Muhafazakârlığın devrim ve radikal değişme boyutuna ilişkin bir tutum sergilediği üzerinde durulmaktadır. Muhafazakârlığın tepkici tutumunun yanında ılımlı tarafının olduğu üzerinde duran bir kesimin varlığı söz konusudur. Özipek’e göre, devrime karşı olan muhafazakâr tepki özellikle Kıta Avrupası’nda yoğun bir şekilde hissedilen tüm yönleriyle devrim karşıtı şeklinde kendini tepkici muhafazakârlık olarak sunmaktadır. Anglo Amerikan muhafazakârlığı ise daha ılımlı muhafazakârlık olarak kendini şekillendirmektedir. Edmund Burke’den Russel Kirk’e kadar uzanan ılımlı muhafazakârlık diyebileceğimiz durum ise devrimci değişimden yakınan ama tedrici değişimden yana olanları ifade etmektedir. Değişimin radikal boyutuna karşı ama değişimin doğrudan karşı olmayan muhafazakâr fikriyatın değişimin niteliğini vurgulayan düşünürleri ılımlı muhafazakâr olarak anılmaktadır. Ilımlı muhafazakârlar, tecrübe gibi değerlere önem vermekle birlikte, salt aklın önemsenmesi gerektiği fikrine karşı insanın kusurlu doğası olduğunu vurgulamaktadır (Özipek, 2013: 68). Aydınlanma ile birlikte şekillenen insan aklının kusursuzluğuna karşı, insan aklının ve insan doğasının kusurlu yapısına vurgusu muhafazakârların karşı durdukları noktayı tanımlayabilmektedir.

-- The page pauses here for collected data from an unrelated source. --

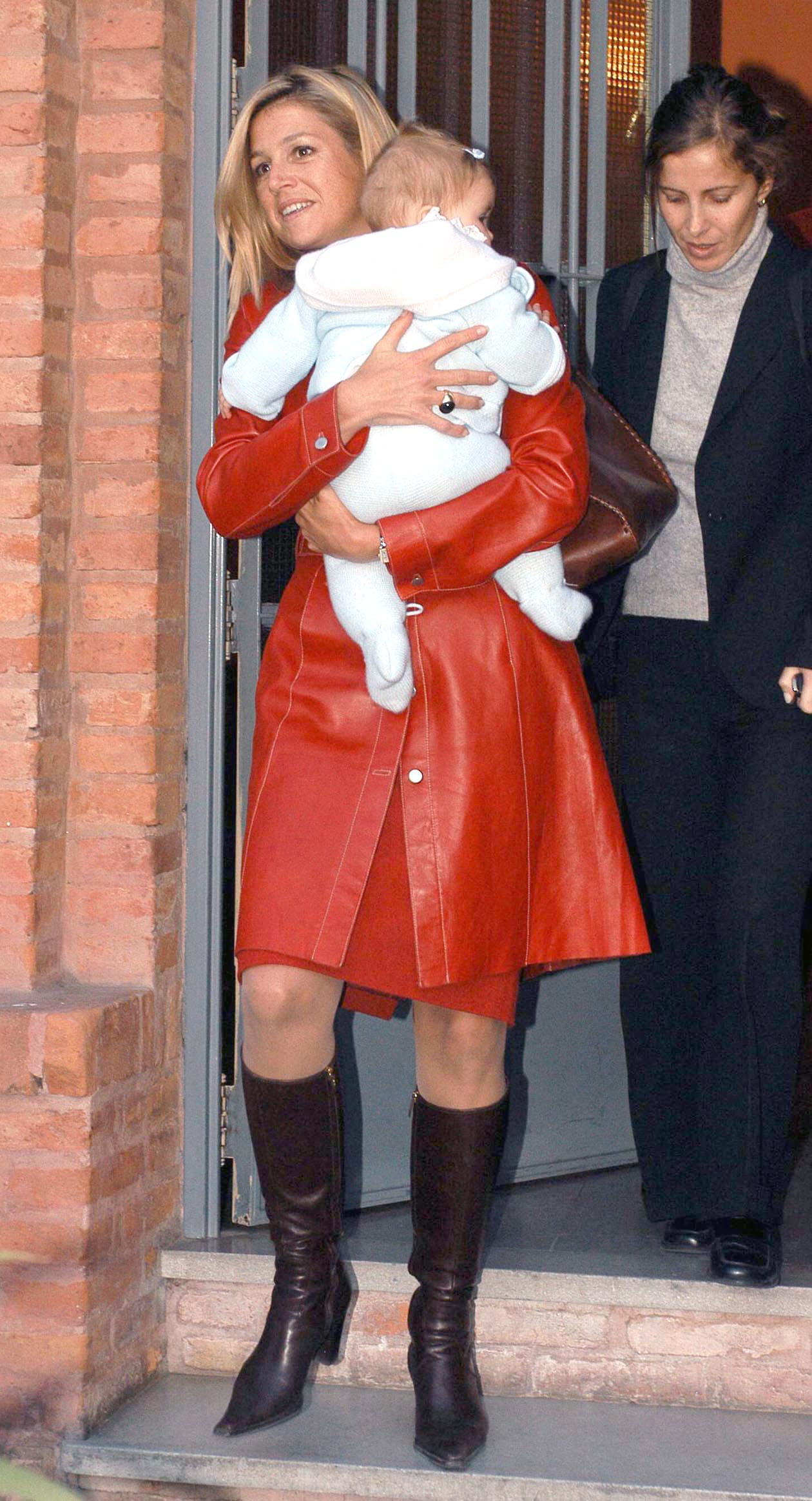 La reine Maxima des Pays-Bas en robe et veste en cuir rouge, bottes hautes marron et sac assorti lors d'une visite à sa famille avec sa fille, la princesse Catharina-Amalia, à Buenos Aires, le 10 août 2004.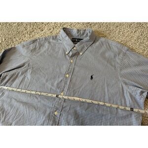 Ralph Lauren Custom Fit Mens Long Sleeve Button Down Light Blue Plaid Shirt XXL
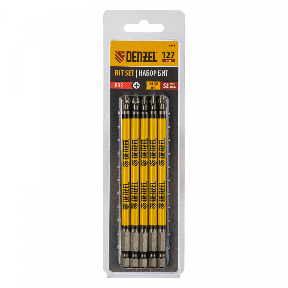 Бита PH2х127, сталь S2, цилиндр., 5шт. Е 6,3 Denzel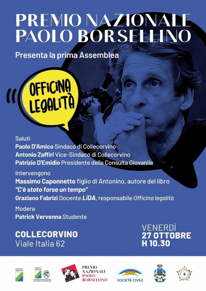 Il Comune di Collecorvino sta per vivere un momento di grande crescita e formazione per piccoli e grandi: venerdì 27 ottobre alle 10.30 presso stabile Palmucci in viale Italia 62, ci sarà infatti la 'Prima Assemblea' di Officina della Legalità del Premio Nazionale Paolo Borsellino.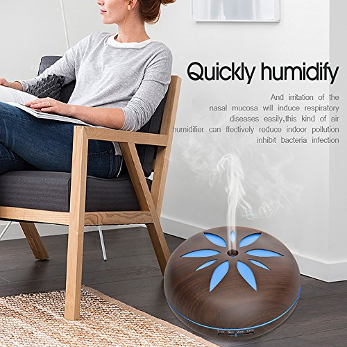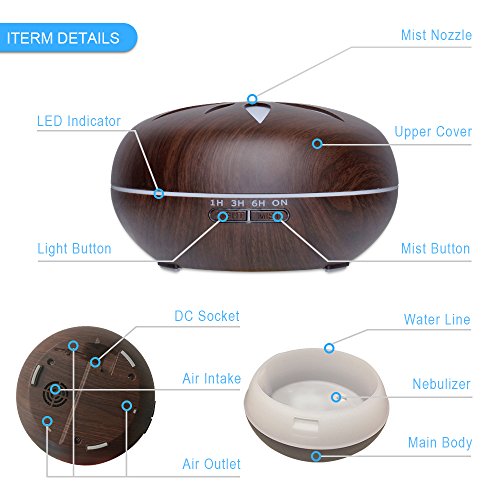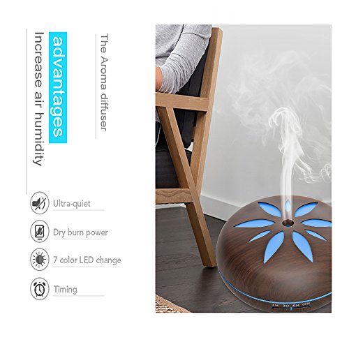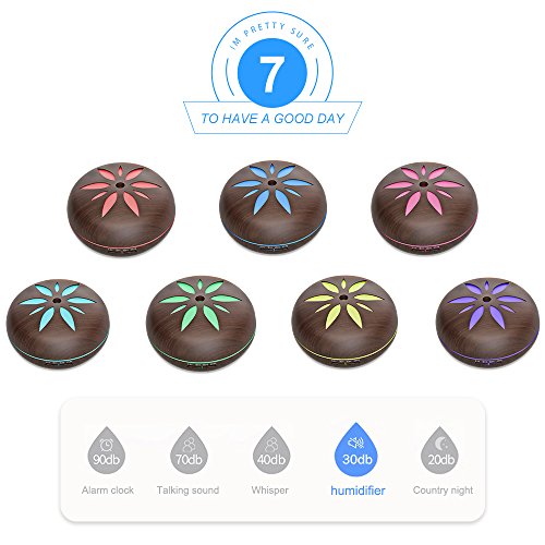 550ML Wood Grain Aromatherapy Essential Oil Diffuser by SMAY Adjustable Mist Aroma Humidifier with 4 Timer Setting Waterless Auto Shut-off and 7 Color LED Lights Changing for Office Home Baby Yoga Spa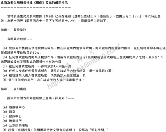 先來看回政府的新聞稿,大概已經列出了是次食物及衞生局局長的指示,當中戲院屬於指示二的「公眾娛樂場所」,故此需要停業營業,而根據指示,停止營業時間由三月二十八日下午六時起至四月十一日下午五時五十九分。這意味著即使戲院可以於四月十一日重開,也只能於下午六時後才可以開始營業。

Aydınlanma felsefesinin temel düsturu Goethe’nin Faust kitabında vurguladığı gibi “çok şey biliyorum ama her şeyi bilmeliyim” minvalindedir. Genel olarak aydınlanma düşünürleri doğma ve önyargılara buna gelenekte diyebiliriz, akıllarıyla karşı duruş sergilemişlerdir. Muhafazakârlıkta aydınlanma aklına karşı geleneği savunan bir tepki mekanizması olarak yorumlanabilmiştir (Güngörmez, 2004: 12). Muhafazakârlara göre, kişiye aidiyet duygusu veren, kişiyi köksüzlük hissiyatına düşmesini engelleyen veyahut koruyan, kimliğinin bilincine varmasına vesile olan gelenektir (Erdoğan, 2004: 5). Gelenek toplumun bir aradalığını ve bu bir aradalığın sürdürülmesini sağlayan değerlerden biri olarak ifade edilebilir.

Mollaer’e göre, muhafazakârlık Fransız Devrimi’ne tepki olarak ortaya çıkışından sonra, rasyonel aklın bilgisine karşı kuşkucu, gelenek ile toplumsal hiyerarşi algısını birleştiren, toplumun yeniden kurma ve düzenleme fikrine karşı tepkici bir ideoloji olarak doğmuştur. Sonralar da ise kapitalizmin önemli bir

(18)

parçasını teşkil etmiştir. En nihayetinde muhafazakârlık sosyal değişmeye ve kapitalist modernleşmeye değil devrimlere karşı duruşuyla ifade edilmektedir (Mollaer, 2014). Tepki zaman içinde yumuşamış, ideolojik olarak konumlanan muhafazakârlık bireylerin yaşantılarında kültürel boyut alarak şekillenmeye başlamıştır.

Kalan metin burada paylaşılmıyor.